TBI affects people of all ages, but those especially at risk are older adults, young children, teenagers, military personnel and people over the age of 65. The most common cause of injury remains falls, while in younger patients road traffic accidents, sports injuries and violence are also significant. Men suffer traumatic brain injuries more often and more often die as a result of them.
The significance of TBI extends far beyond the period of acute treatment, because a brain injury can result in long-term cognitive and memory impairments, emotional and behavioural changes, and neurological deficits. In many patients this affects the ability to live independently, return to work and maintain social relationships, and so it also places a burden on families and carers. Increasingly, TBI is seen not as a one-off event but as a disease process that can last a lifetime.
Research shows that people who have had a moderate or severe TBI have a reduced life expectancy and an increased risk of death from secondary causes, such as seizures, infections or neurological complications. More than half of survivors still struggle with moderate or severe disability, and a significant proportion need help from carers with everyday activities.
Classification and severity of TBI
The main tool for assessing the severity of an acute brain injury is the Glasgow Coma Scale (GCS), which rates the level of consciousness based on eye opening, verbal response and motor response. On this basis, TBI is classified into three main categories.
Mild TBI (GCS 13–15)
This group includes concussion, among others. Most often there are transient symptoms such as headache, nausea, confusion or retrograde amnesia. In some patients, post-concussion syndrome develops, with persistent headaches and difficulties with concentration or mood. Mild injuries make up the majority of all TBI cases.
Moderate TBI (GCS 9–12)
Moderate injuries involve a longer loss of consciousness or deeper confusion, along with neurological symptoms and abnormalities on imaging. They usually require hospital admission and observation, and sometimes neurosurgical intervention. Many patients regain their independence with the right therapy, but moderate deficits often remain.
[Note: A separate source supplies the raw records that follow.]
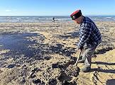 Ликвидация последствий разлива нефтепродуктов из-за потерпевших бедствие двух танкеров "Волгонефть" в Керченском проливе днем 15 декабря 2024 года на береговой линии в Анапе. Пятна мазута на песке пляжа.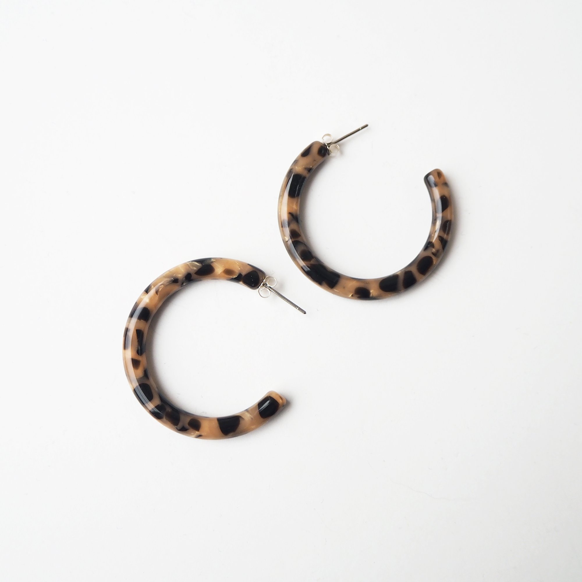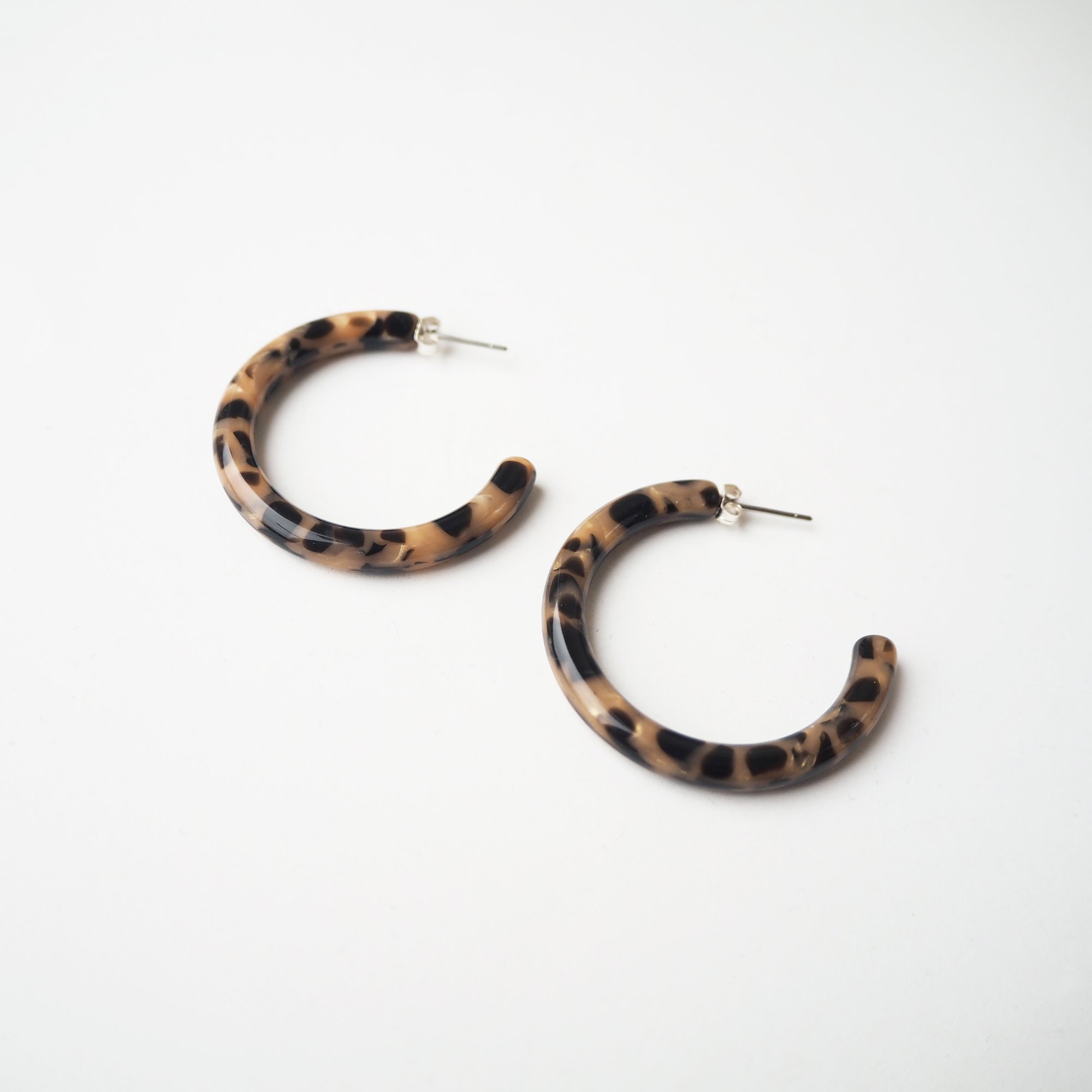 These beautiful slim hoop earrings are made from pretty caramel mix acetate. The perfect hoop earring for a pop of pattern.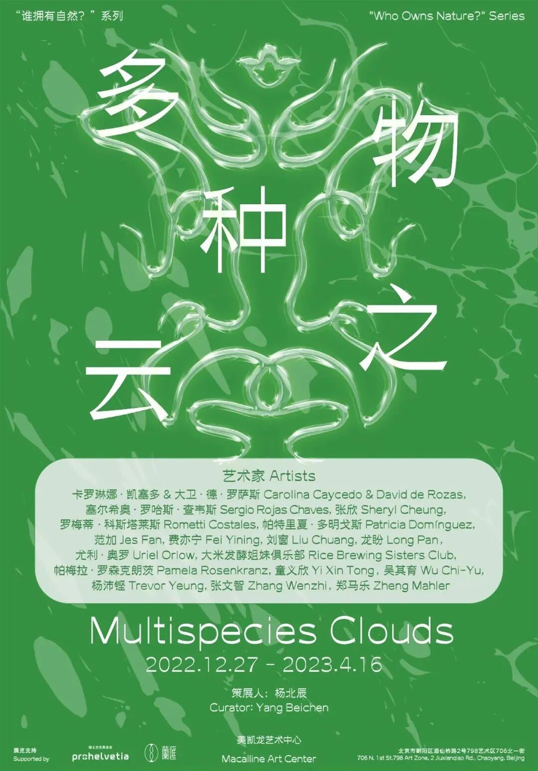 多物种之云是美凯龙艺术中心规划的“谁拥有自然”研究性系列展览的第一章。展览试图呈现一则关于新型物种间的隐喻,其一方面指向了不同生命形式间形成的网络结构,另一面亦涉及一个全球性的交换系统,于其中人类世时代的物种以近乎信息、物质与能量的方式流动。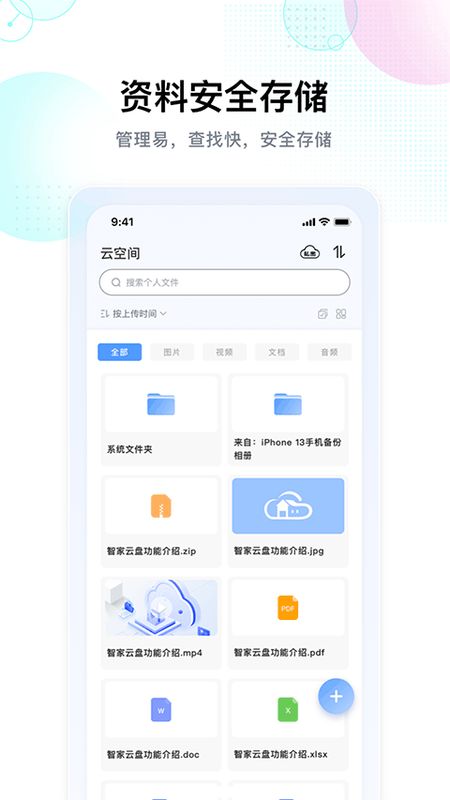 智家云盘是一款功能强大且实用的云存储软件。用户能在其中轻松管理照片、视频及各类格式文件,它会自动备份数据,保障数据安全,还能有效释放手机空间。同时,支持家庭云共享,一人上传,多人实时共享,为工作和学习带来便利。用户可将个人照片、文件上传至云端,随时便捷存储与下载。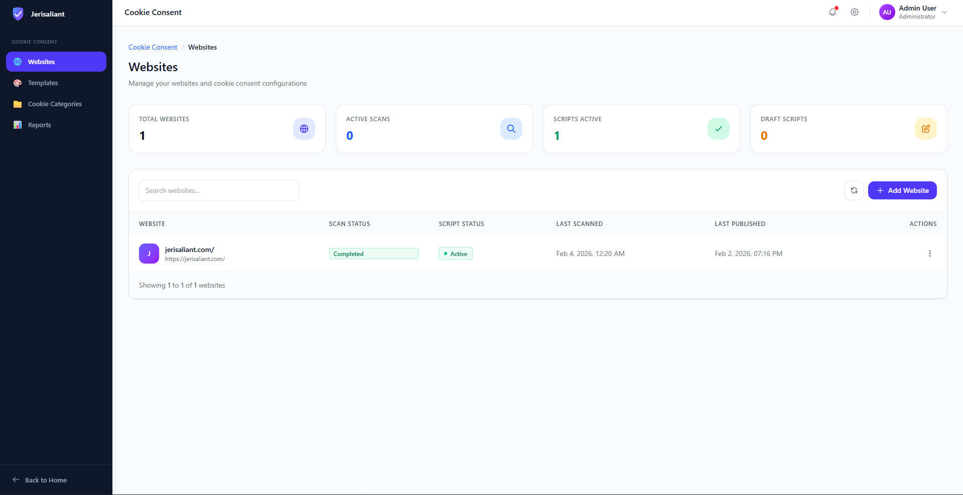 From your Jerisaliant dashboard, click on the Cookie Consent card to access the module. Here you can manage all your websites and their consent configurations.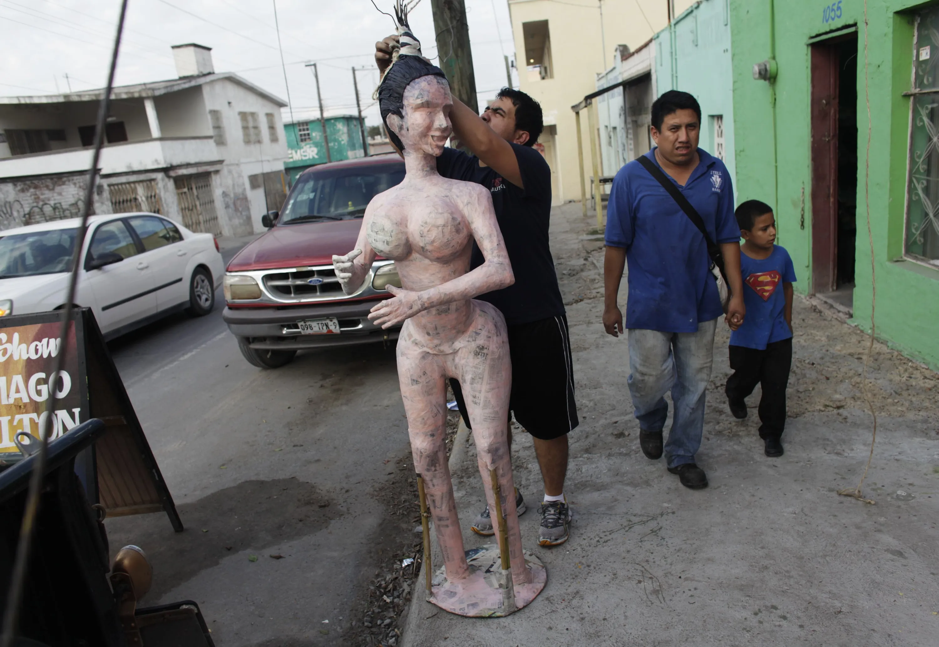 Mexican artisan Dalton Ramirez (partially covered by the pinata) works on a pinata depictingTV celebrity Kim Kardashian while standing outside his workshop in Reynosa December 6, 2014. (Photo by Daniel Becerril/Reuters)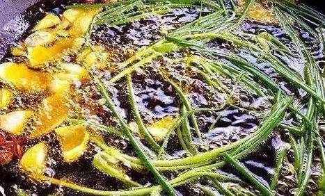 1、油烧至300度,加入姜、葱、洋葱、香叶、八角、山奈、花椒、香茅草各3克,炸出香味,再把它们捞出丢弃;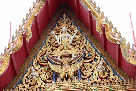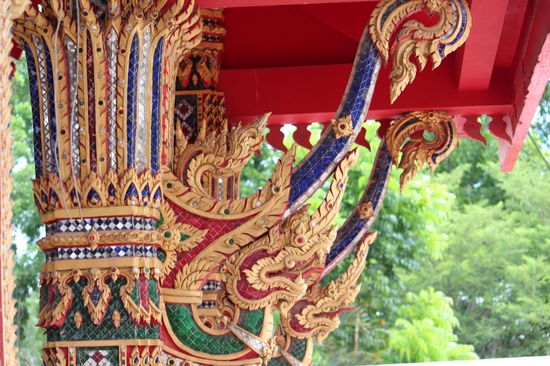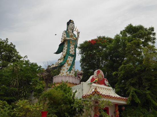 Ich konzentriere mich lieber auf das Sehen und versuche im ganzen Gewirr ein paar Fotos zu machen. Bald sind wir wieder aus dem Getümmel heraus und kommen zu einer schönen Pagode. Hier steige ich aus. Beim Eingang steht ein Schild das verkündet, dass man für 10 Bath Fischer füttern könne. Später finde ich den kleinen Teich mit den Fischen, es sind Goldfische, vielleicht Koi, aber die grössten schwimmen bereits bauchaufwärts auf dem Wasser. Sie sind wohl zu wenig gefüttert worden. Es entsetzt mich, wie achtlos hier mit den Tieren umgegangen wird.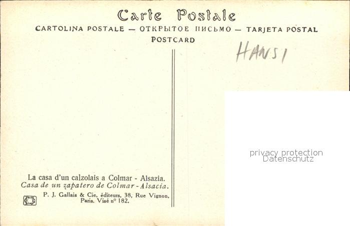 12918694 Hansi Waltz J J La maison d un bottier a Colmar Alsace Schuhmacher postalisch nicht gelaufen Erhaltung siehe scans [PaolaD17] Paol Katcode 22240000001800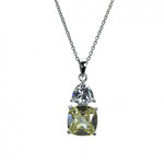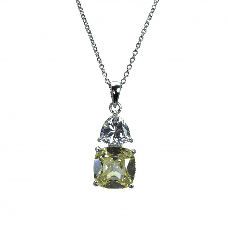 The sterling silver pendant features a canary yellow cushion shaped cubic zirconia, nestled beneath a white trillion cut cubic zirconia. The substantial size stones are mounted in beaded edge filigree settings on a plain tapered pendant loop, suspended from a sparkling faceted trace chain.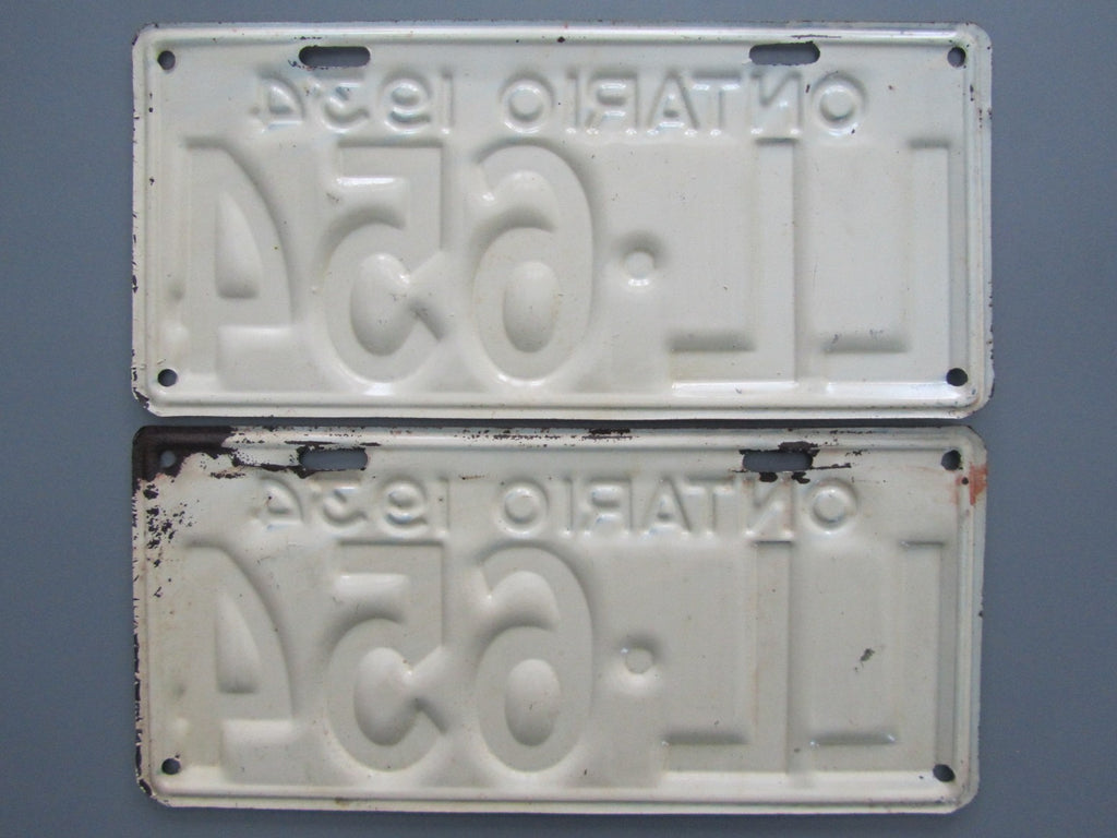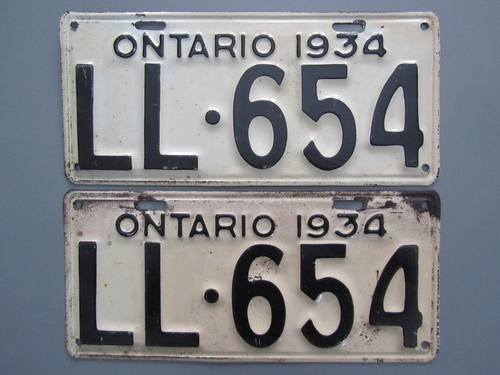 Here's an all-original pair from a tough year to find in good paint condition. Overall the plates have a perfect amount patina with some light rust on the top right corner of the lower plate pictured. Guaranteed MTO approval!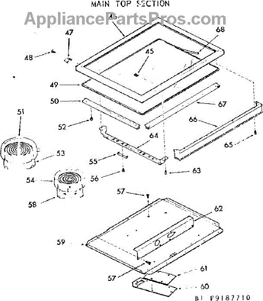 Parts for Kenmore 911.9187710 (9119187710, 911 9187710): Main Top Section Parts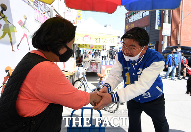 [더팩트ㅣ이천=임세준 기자] 4.15총선 이천시에 출마중인 더불어민주당 김용진 후보가 14일 오전 경기도 이천시 장호원재래시장에서 유세를 진행한 가운데 상인들을 만나 지지를 호소하고 있다.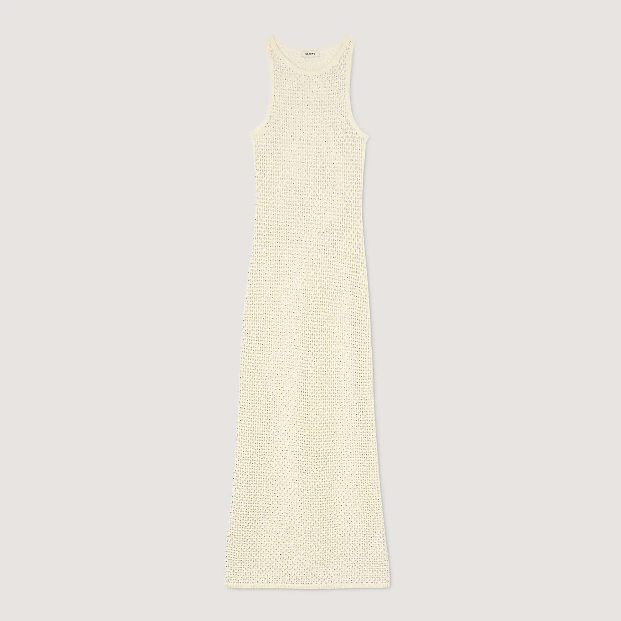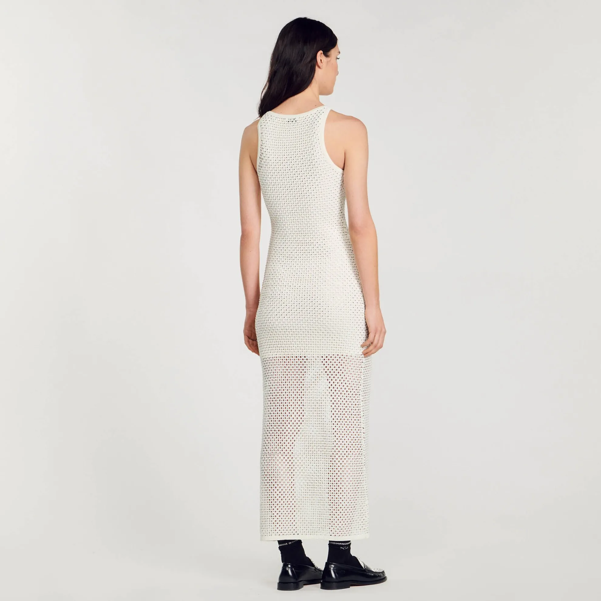 Lange jurk van mesh versierd met stras met armsgaten in Amerikaanse stijl, een ronde halslijn en een korte voering.

Severe TBI (GCS 8 or below)
A severe injury means deep unconsciousness or coma and is often associated with a direct threat to life due to extensive haematomas, massive brain swelling or damage to the brainstem. It requires immediate intensive treatment, often surgery and a stay in intensive care. The outlook is serious, and mortality remains high.
The Glasgow Coma Scale does not, however, capture the full complexity of the injury. A complete assessment is also shaped by the results of a CT or MRI scan, the presence of haematomas, skull fractures and brain swelling, as well as the overall clinical course. In practice, therefore, a combination of the GCS, imaging and observation of the patient is used.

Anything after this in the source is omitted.